▸ Work task: Write out the data again exactly, skipping every picture.

▸ Data below:
↓
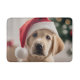 Cute Labrador Retriever puppy wearing a Santa hat.
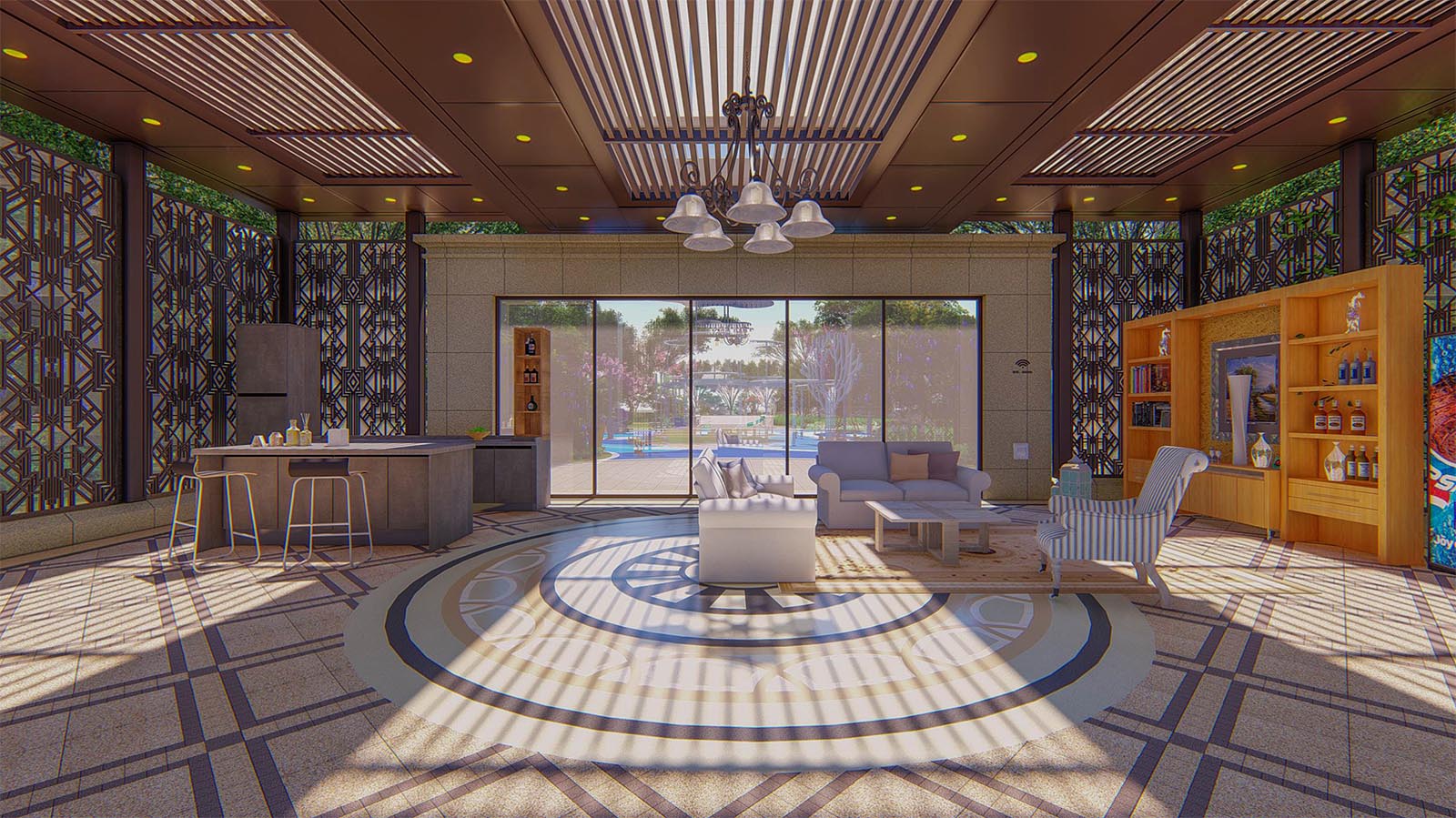 在地塊最中心的區(qū)域,設(shè)計(jì)提煉共享鄰里中心的概念,讓景觀不單單只是一個(gè)簡(jiǎn)單的構(gòu)架,而是為業(yè)主提供一個(gè)日用的生活場(chǎng)所。
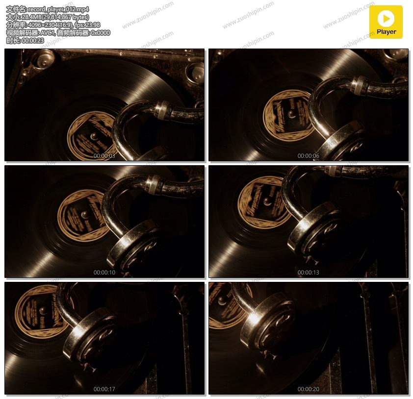 Close up shot of antique music device. Diagonal traveling shot top view of needle and antique vinyl disc spinning, from left to right in 4K. Ideal for your musical projects or vintage topics in your footage. 4K 4096 x 2304 | 24 fps
↑
▸ Exercise output:
 Cute Labrador Retriever puppy wearing a Santa hat.
 在地塊最中心的區(qū)域,設(shè)計(jì)提煉共享鄰里中心的概念,讓景觀不單單只是一個(gè)簡(jiǎn)單的構(gòu)架,而是為業(yè)主提供一個(gè)日用的生活場(chǎng)所。
 Close up shot of antique music device. Diagonal traveling shot top view of needle and antique vinyl disc spinning, from left to right in 4K. Ideal for your musical projects or vintage topics in your footage. 4K 4096 x 2304 | 24 fps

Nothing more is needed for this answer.